For complete understanding of protein aggregation techniques that can view the process in vivo are especially useful. This still is sometimes difficult, as protein aggregates are not homogenous, often labelling molecules are necessary to observe in vivo processes and they might influence the in vivo action.
Putting together the output of all techniques so far lead to the current knowledge on protein aggregation as a process that is used in vivo and sometimes leads to disease. All further examinations can build up on the understanding that has been gained so far. High-resolution techniques are the basis of understanding the detailed structures and differences in similar but slightly different forms of amyloids.
As we cannot see directly in the molecular range there is always the difficulty that the analysis method is not affecting the result, especially in vivo. It is also a challenge to study interactions between molecular inhibitors and amyloid peptides [95]. Using a series of experimental approaches, such as X-ray diffraction, nuclear magnetic resonance, scanning probe microscopy, and electron microscopy has shown progress and might also be developed further in the future.

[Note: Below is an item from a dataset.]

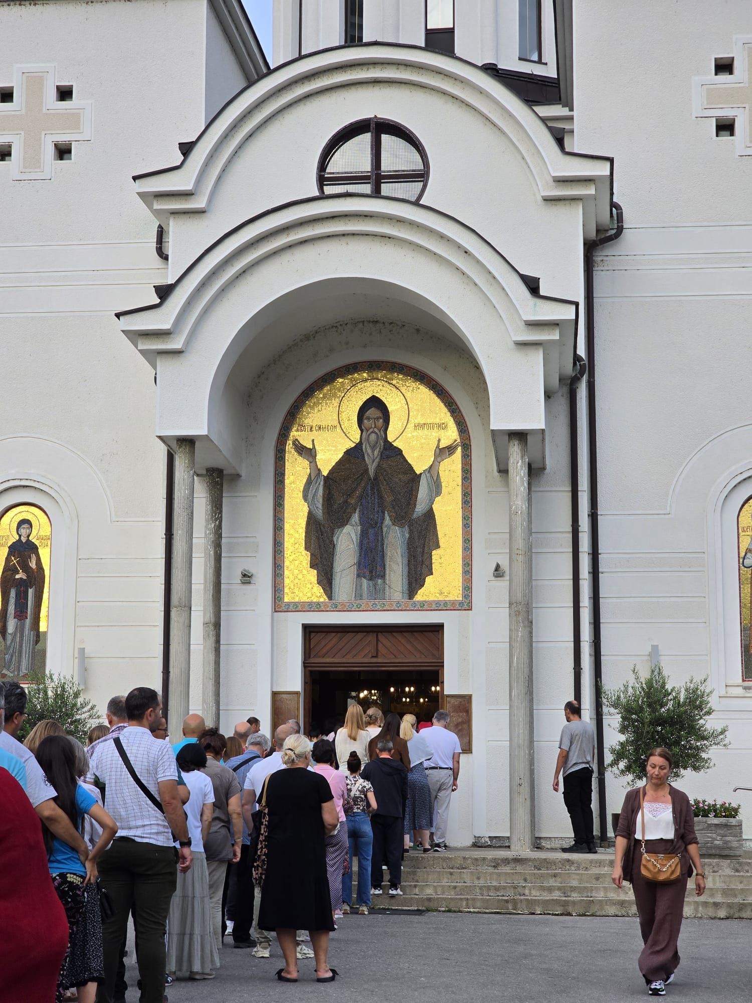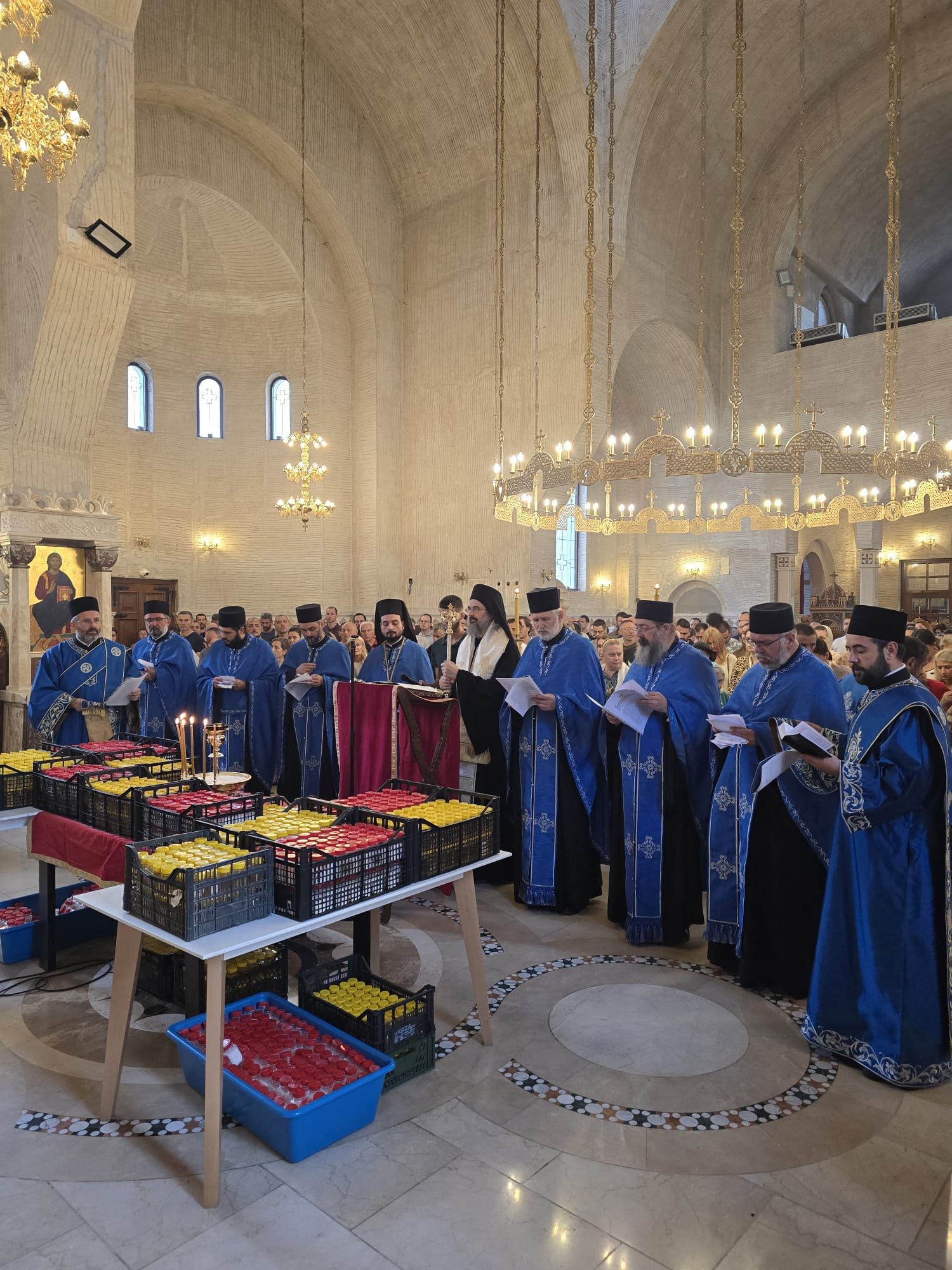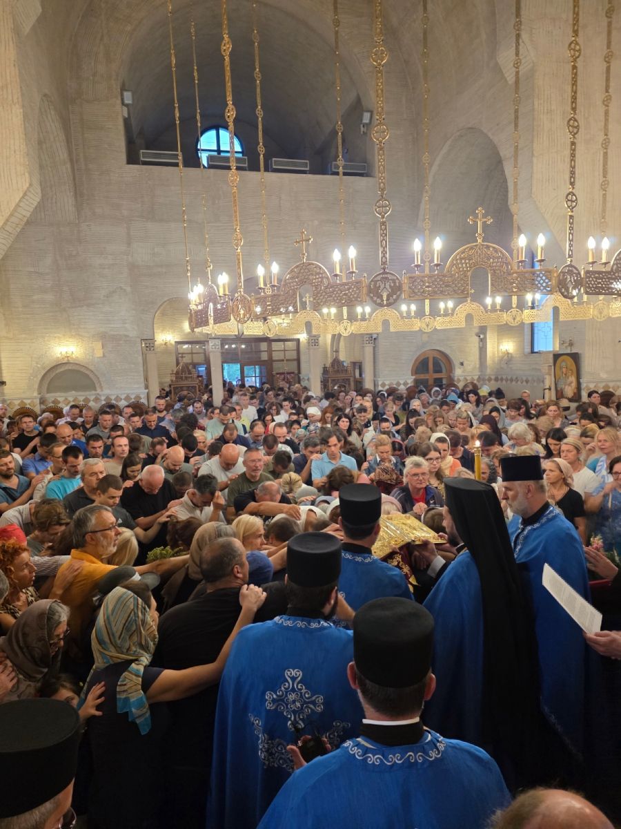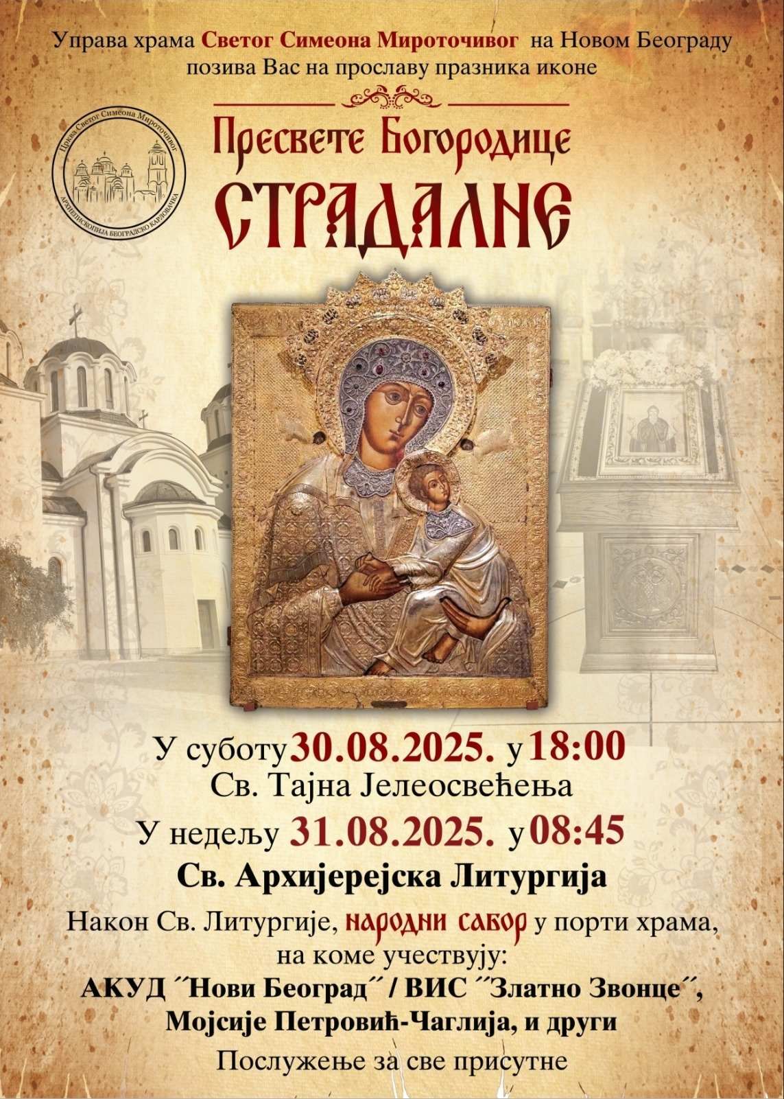 Светој тајни јелеосвећења пред Иконом Богородице Страдалне је молитвено учествовало више стотина верних. Икона је донета поводом молитвене прославе празника Пресвете Богородице из Музеја Српске Православне Цркве у Београду и остаће у храму до 3. септембра, до када ће се свакодневно служити света Литургија са почетком у 7,30 часова, као и молебни канон за болесне са почетком у 18 часова. На сам дан празника, 31. августа 2025. године, са почетком у девет часова, свету архијерејску Литургију ће служити Патријарх српски Порфирије. После свете Литургије ће у порти храма уследити народни сабор обогаћен културно-уметничким програмом у којем ће учествовати културно-уметничка друштва са Новог Београда, етно група Звонце и хор Мојсије Петровић.

There is a long list of biochemical and molecular biological methods to analyse protein aggregates. Depending on the question that one wants to answer different methods must be used and should be combined in an intelligent way.
Protein aggregates are a heterologous group of interacting peptide or protein subunits that can be unspecifically bound together or highly ordered. They are not fixed but can reassemble from monomers to oligomers and higher aggregates. They also interact with other components like membranes of the cell. They occur in different forms in vivo in healthy organisms and in diseases and in vitro.
For amyloids that were first found in connection with diseases like prion diseases or Alzheimer, meanwhile different function like storage and virulence were postulated. These functions of amyloid include also structure and protection, epigenetic inheritance and memory has been described for prions in mammals and yeast [96].
On the structural basis, many details have been analysed by now. Most important is the cross-β fold that occurs in different variations. This structure grows by recruitment of the corresponding amyloid protein. Knowledge of the structure facilitates understanding of function. In amyloids the repetitiveness can explain an activity that could not be executed by a monomer.
Structural aggregates like shells of viruses, microtubules, collagen, muscles and tendons are long known. For amyloids functions are meanwhile recognized and the investigation of these protein aggregates is a broad field of research now. Combining the knowledge of old methods and newly established techniques will lead to further advancement in understanding proteins.
I thank Rudi Glockshuber and Jeremias Kaegi for help with the enumeration of analytical methods and fruitful discussions and the latter additionally especially for his helpful books and proof-reading and correction of part of the manuscript.